«Règles de gestion négligées», «inertie et manque de contrôle de la Ville», alors que son image de marque était en jeu, «traitement comptable discutable», «manque de transparence». Les conclusions remises lundi par le vérificateur général, Jacques Bergeron, sur la gestion du BIXI sont cinglantes.
Au moment du lancement, la Ville n’a pas vérifié les études du concepteur du projet et n’a pas demandé de comptes lors de la phase de déploiement. «Ce n’est assurément pas la meilleure façon de protéger les deniers publics», écrit le vérificateur.
D’autant que la Société de vélo en libre service (SVLS) a rapidement connu des problèmes de croissance, à un point tel que la Ville a récemment annoncé que BIXI reviendrait dans le giron municipal et qu’elle lui prêterait 37 M$ à un taux de 2 % pour rembourser sa dette. À l’occasion de cette annonce, le maire de Montréal, Gérald Tremblay, a promis que ce taux était conforme aux règles du marché.

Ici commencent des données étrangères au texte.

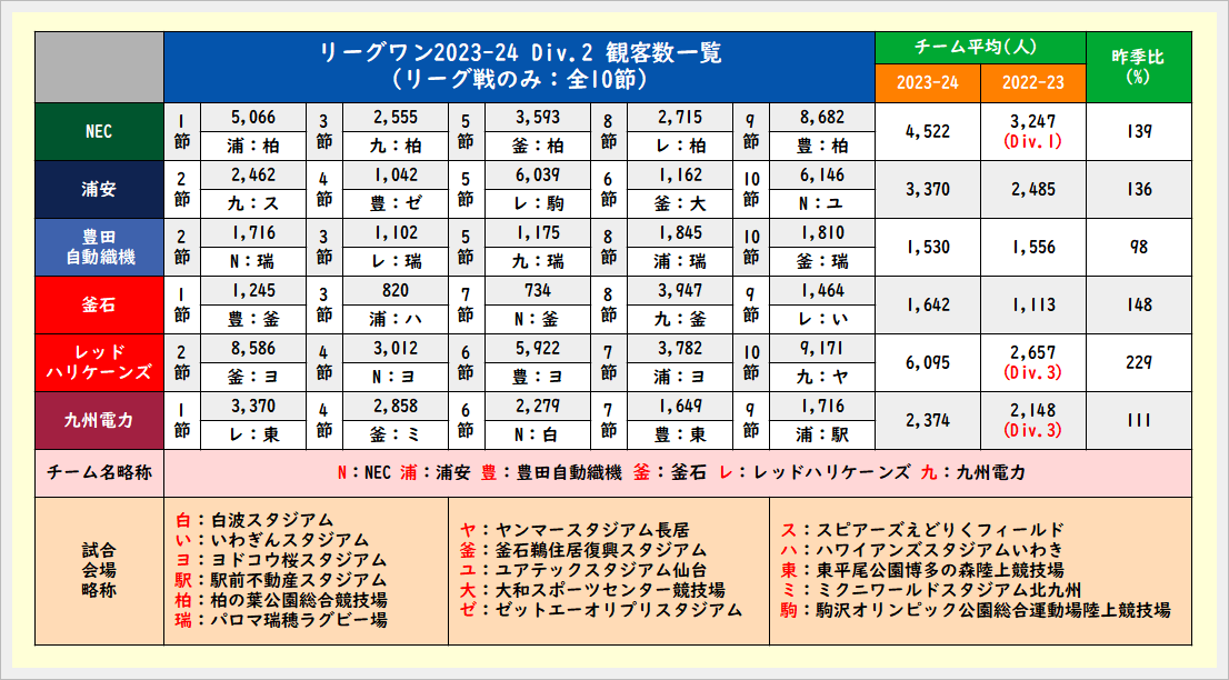 500 リーグワン2023-24 Div.2 リーグ戦観客数一覧
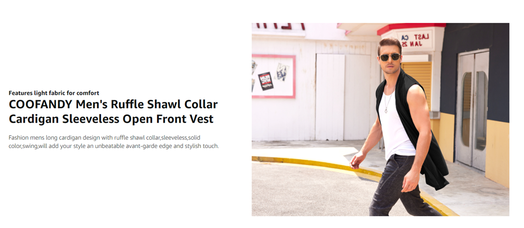 - Fashion mens long cardigan design with ruffle shawl collar,sleeveless,solid color,swing,will add your style an unbeatable avant-garde edge and stylish touch.
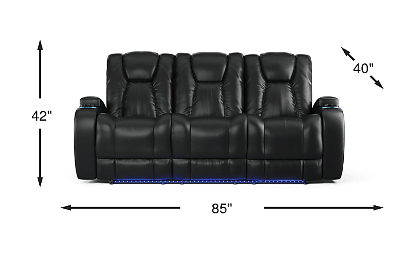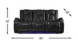 Welcome to your new home base. Offering modern connectivity and unsurpassed comfort, the Kingvale Court dual power reclining sofa has everything you need to settle in and stay comfy for the long haul. Upholstered in luxuriously supple black fabric, this deluxe sofa features a storage compartment and lighted cup holder in each armrest in addition to a pull- down center seat back boasting a tray with two cup holders, twin reading lights, and two wireless chargers. Power reclining headrests and footrests keep every inch of your body supported with the touch of a button. Adjustable LED floor lighting provides just the right amount of light when needed. Whether you're watching TV, using a laptop or taking a nap, this luxury sofa has got you covered! 24" extension when footrest is fully reclined. Allow 6" for wall spacing. Upholstery: 82.5% Polyester, 17.5% Polyurethane
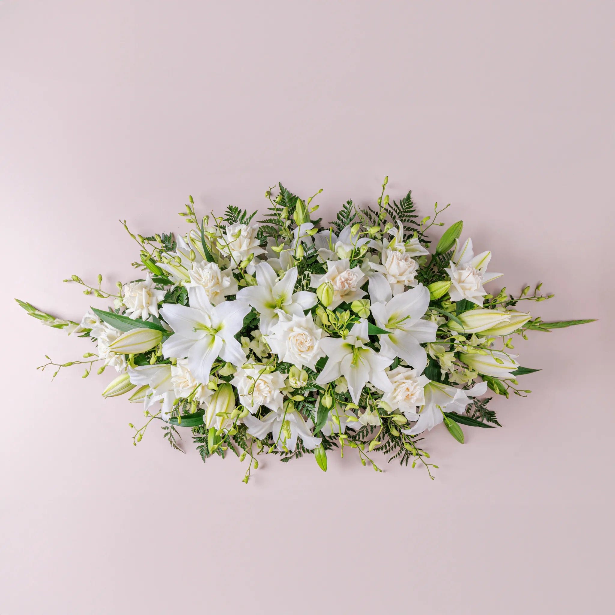 Create a lasting tribute with this breathtaking Heavenly Tribute casket spray, featuring an abundance of roses, lilies, and a captivating mix of blooms in soft whites.

Or, le rapport du vérificateur le contredit clairement en précisant que le taux du marché se situe plutôt autour de 3,5 % à 4,5 %. La Ville fait donc cadeau de 1,3 M$ à BIXI, alors que le maire Tremblay avait toujours promis que le déploiement du BIXI se ferait sans frais pour les Montréalais. À cela s’ajoute un cautionnement de prêt de 71 M$ pour l’export.
«La Ville assume les risques financiers et la SVLS empoche les bénéfices», note le vérificateur. Il précise aussi qu’une municipalité ne peut exercer des activités commerciales à caractère lucratif. La vente de BIXI à l’international pourrait donc être cédée à une entreprise privée d’ici la fin de l’année. Or, ce sont justement les ventes à l’étranger qui permettent de combler le déficit d’exploitation à Montréal.
«Ça fait partie des scénarios envisagés», a convenu hier Roger Plamondon, président de la SVLS. Celui-ci a par ailleurs expliqué certaines lacunes dans la gestion par la rapidité avec laquelle le projet a été mené. «On a déjà mis en place des mesures correctives, notamment dans l’octroi des contrats», a-t-il indiqué. Il refuse la remise en cause du projet. «Je ne considère pas qu’avec autant de récompenses et autant d’usagers, BIXI soit une erreur», a dit M. Plamondon.